Cellular Senescence: Review and Reagent Selection Guide

Science Note

Systemic Signals in Aging and Rejuvenation [May 14, 2025]

Cellular senescence spreads through tissues via secreted factors, contributing to tissue dysfunction, chronic inflammation, and impaired regeneration. This Science Note introduces recent insights into the in vivo spread of senescence and highlights emerging evidence that rejuvenating factors can also spread, suggesting new avenues for modulating aging and restoring tissue function.
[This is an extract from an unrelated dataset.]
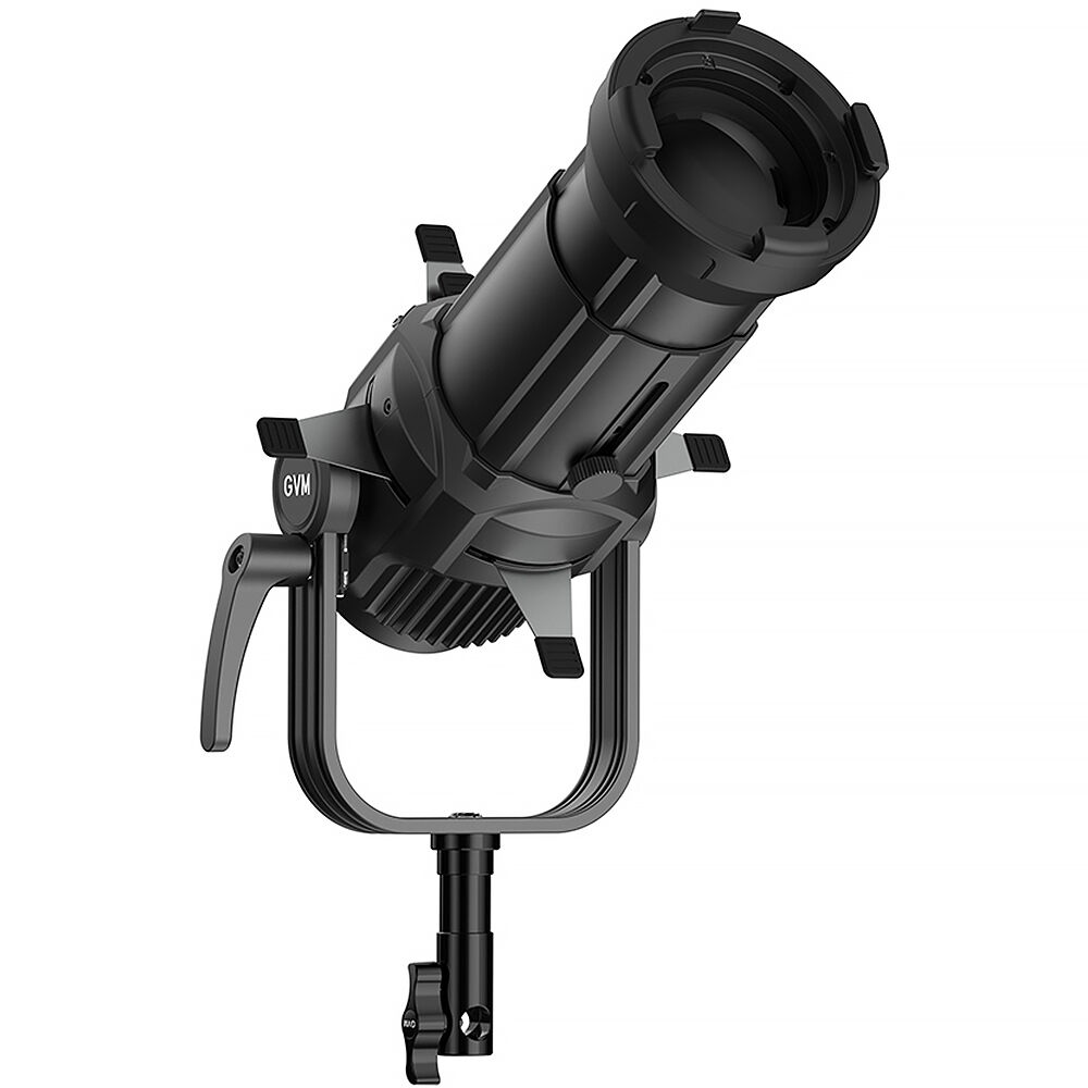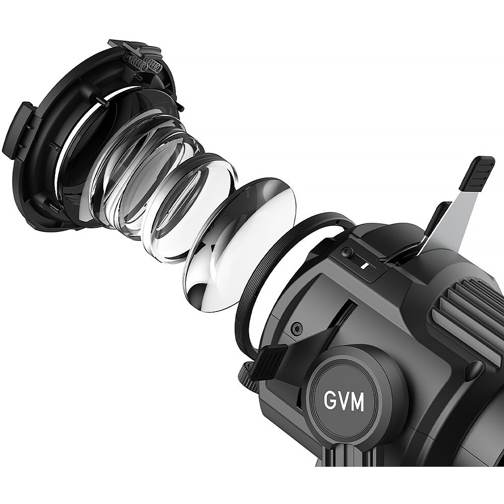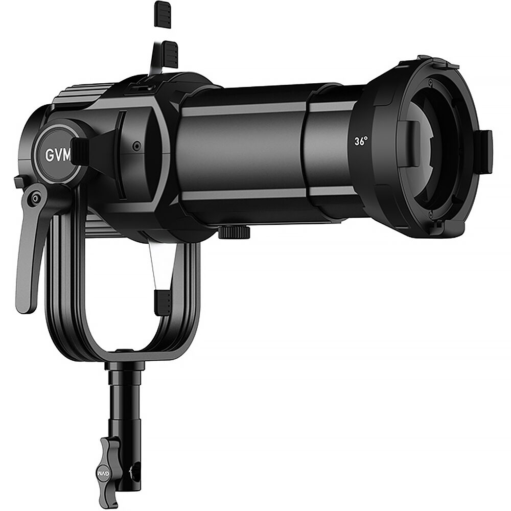 A high-quality optical system designed for a wide range of GVM fixtures, the 36° Projection Kit from GVM instantly transforms Bowens mount LED lights with up to 300W into a spotlight. The included 36° lens is ideal to achieve a wider illumination. With an integrated four-leaf cutter, you can easily shape the beam for precise control. Versatile and suitable for a variety of setups, such as studio photography, video recording, and film and television setups, this kit also includes a gobo holder and 12 gobos to project unique patterns.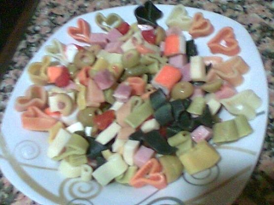 Mientras, en un plato o fuente añadimos el resto de ingredientes y mezclamos. Cuando la pasta este hecha, la escurrimos y la ponemos junto al resto de ingredientes y volvemos a mezclar

Mitochondrial DNA released by senescent tumor cells enhances PMN-MDSC-driven immunosuppression through the cGAS-STING pathway (Immunity, 2025)
Summary: Senescent cells, including those undergoing therapy-induced senescence, actively shed mitochondrial DNA (mtDNA) into the tumour microenvironment via extracellular vesicles. This mtDNA is taken up by polymorphonuclear myeloid-derived suppressor cells, enhancing their immunosuppressive activity through cGAS-STING-NF-κB signalling and promoting tumour progression.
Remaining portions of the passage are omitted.